§ **Material for this exercise**
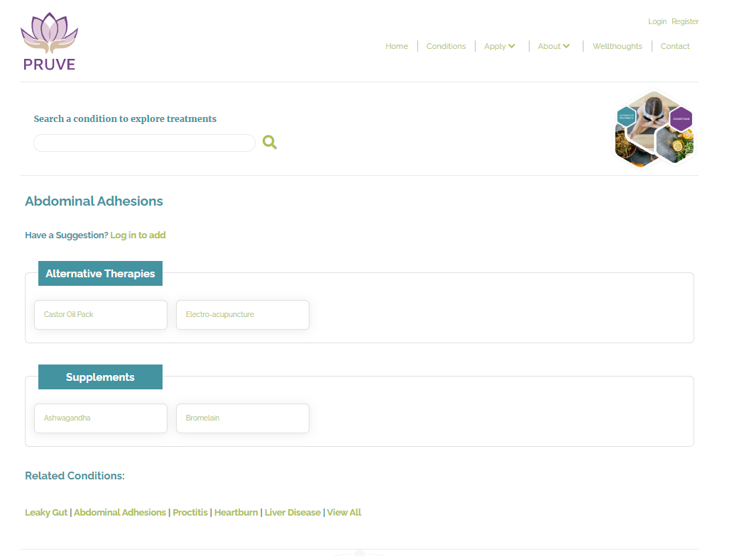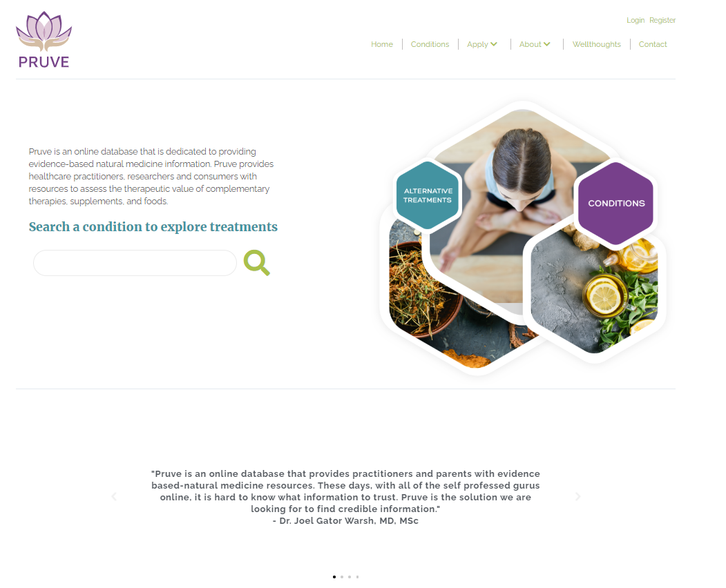 Pruve is an online resource providing convenient access to research and reviews regarding the therapeutic value of complementary therapies for the prevention and treatment of disease. Search a condition, and find the corresponding complementary therapies, supplements, and foods that have been proven to help. Founders' Story Pruve was born out of a shared frustration with our current healthcare system, and the desire to help educate people about more integrative approaches to address illness. Founders Andrew Piispanen and Jacqueline Genova created Pruve upon the belief that education equals empowerment. Pruve is an online resource where users can access evidence-based data regarding natural treatment modalities for specific illnesses, without the complexity of searching through multiple sources online. The founders’ mission is for Pruve to serve as a catalyst in shifting the healthcare system from one that focuses on suppressing symptoms to one that addresses the root-cause of illness.
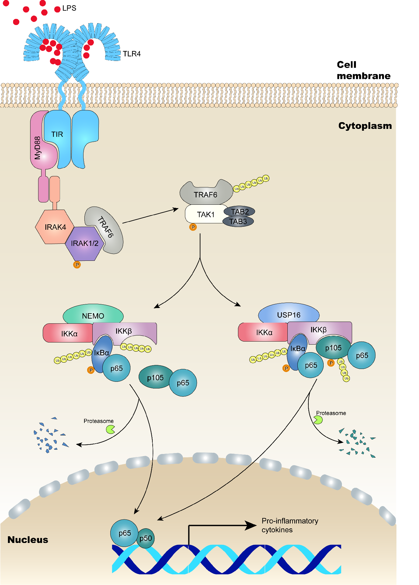 作者在研究中发现,即使在缺失IκBα招募蛋白NEMO的情况下,p105仍然存在一定程度的磷酸化,推测可能存在其他的类NEMO的调节型蛋白,参与IKKβ对特定底物的招募过程。通过质谱分析,作者确定了一种特异结合IKKα和IKKβ的去泛素化酶USP16,与NEMO一样,USP16与IKKβ上的同一结构域形成组成型的结合;USP16与NEMO上都存在一段包含5个氨基酸的保守序列,该序列对其与IKKβ的结合是必需的。因此作者认为,USP16与NEMO竞争结合IKKβ。在USP16缺失的髓样细胞中,p105的活化明显减少,而IκBα不受影响,且在受到Toll样受体(TLR)激动剂刺激时,NF-κB通路靶向的促炎因子IL-6、IL-12a、TNF-α的分泌能力明显下降。进一步研究发现,与IKKβ结合的USP16特异性擦除IKKβ上K6和K33-linked多聚泛素化链,去泛素化的IKKβ选择性识别p105并磷酸化p105,从而实现对NF-κB信号通路的进一步激活。
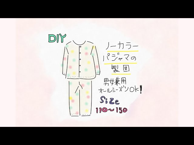 無料製図 子供のノーカラーパジャマ size110~150Drafting of Collarless Pajamas - YouTube。
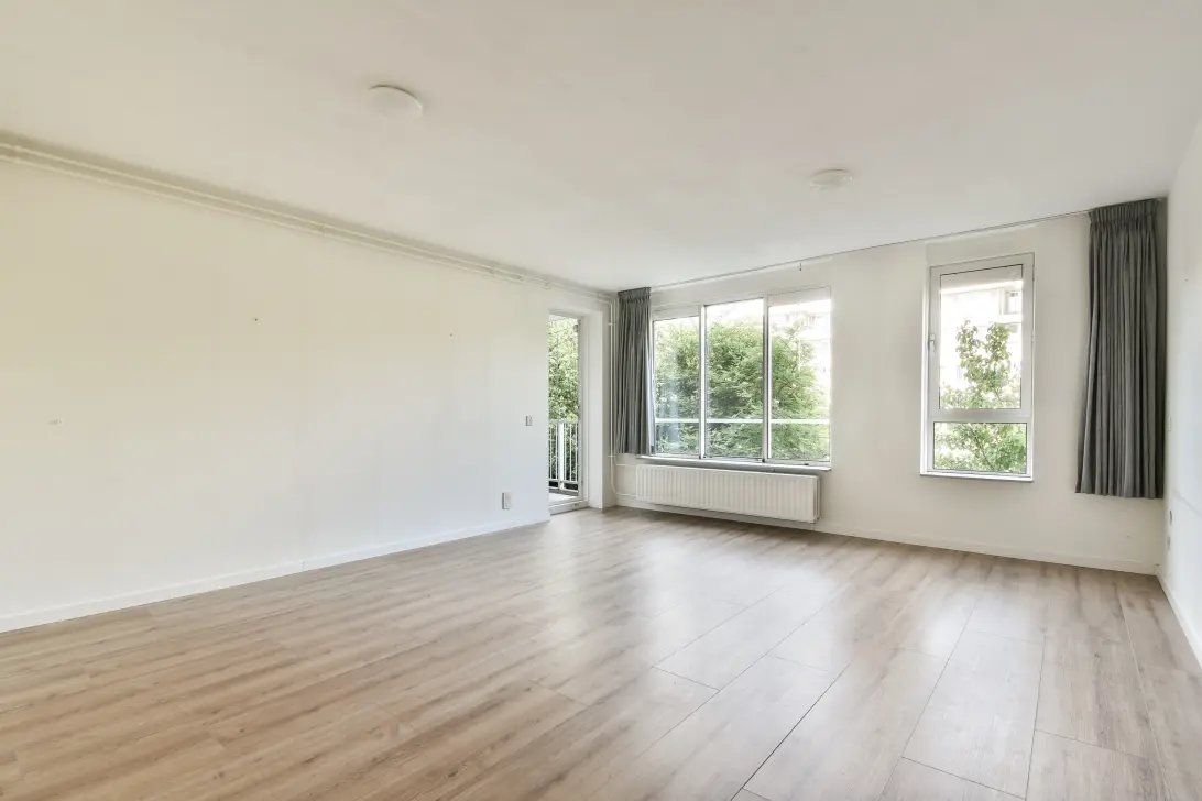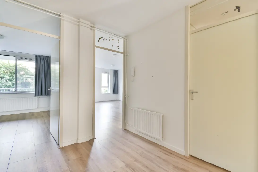 Thanks to the large windows, the apartment is filled with natural light and offers unobstructed views of greenery. The layout is efficient and offers plenty of possibilities: currently there are two well-sized bedrooms, but with a simple adjustment, you can create a third bedroom by relocating the kitchen toward the living room. See the alternative floor plan for inspiration.
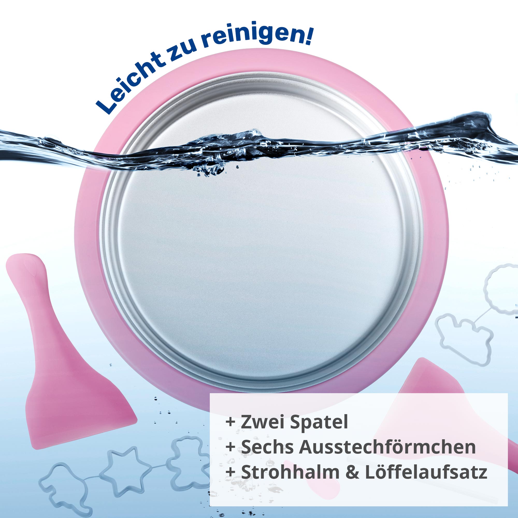 Eine Anleitung erklärt Schritt für Schritt, wie Du vorzugehen und was Du zu beachten hast. Der Lieferumfang besteht neben der Eismaschine, zwei Scharbern, Anleitung und Rezepten zudem aus einem Löffel und sechs Förmchen, um z. B. Sterne, Herzen, Bärchen und Elefanten als Eis zu verköstigen. Das macht es kindgerecht! Aber auch für erwachsene Feinschmecker ist das Set eine fantastische Idee. Du weißt ja, aus eigener Herstellung schmeckt es immer noch am leckersten.
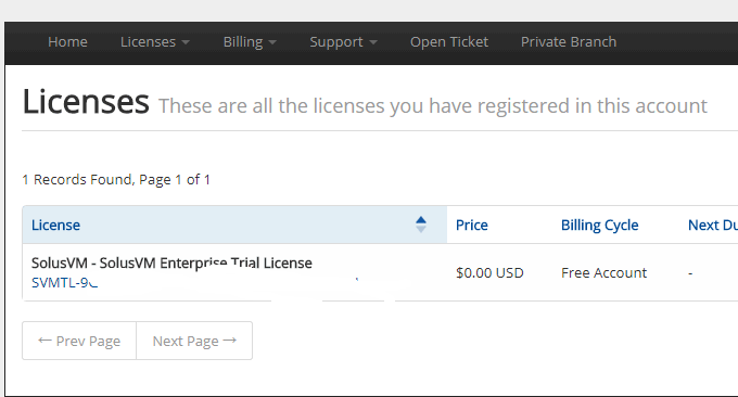 刚刚上面也讲到了,SolusVM是一个付费的软件,你需要到SolusVM官网去购买一个授权,不过SolusVM现在免费提供一个月的试用授权,可以直接在线申请。
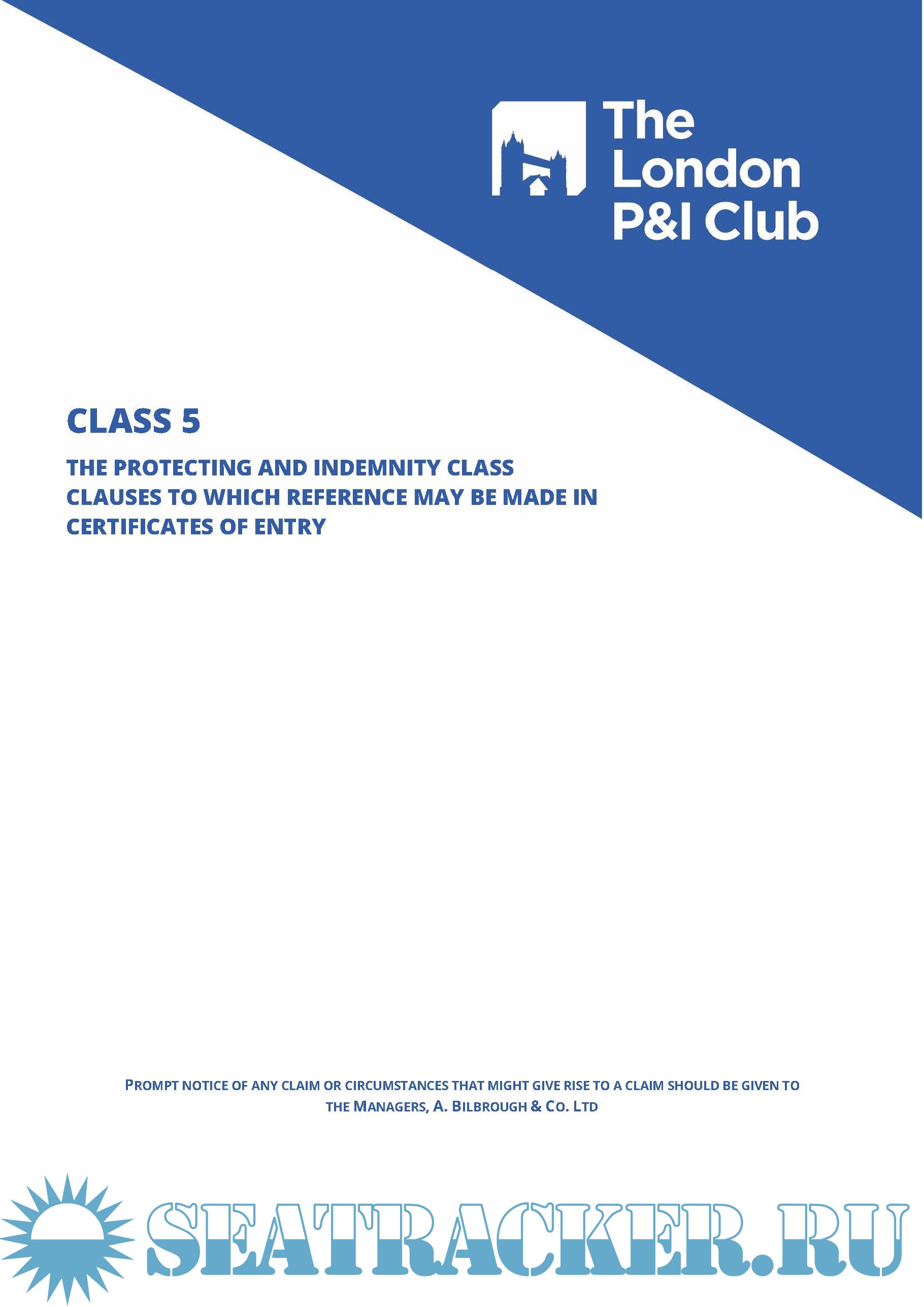 CLASS 5 The Protecting and Indemnity Class Clauses to which reference may be made in certificates of Entry

§ **Work instruction**
Set down the line containing "刚刚上面也讲到了,Solus", then every later line through the end of the material, exactly as written; omit any picture.

§ **Result**
 刚刚上面也讲到了,SolusVM是一个付费的软件,你需要到SolusVM官网去购买一个授权,不过SolusVM现在免费提供一个月的试用授权,可以直接在线申请。
 CLASS 5 The Protecting and Indemnity Class Clauses to which reference may be made in certificates of Entry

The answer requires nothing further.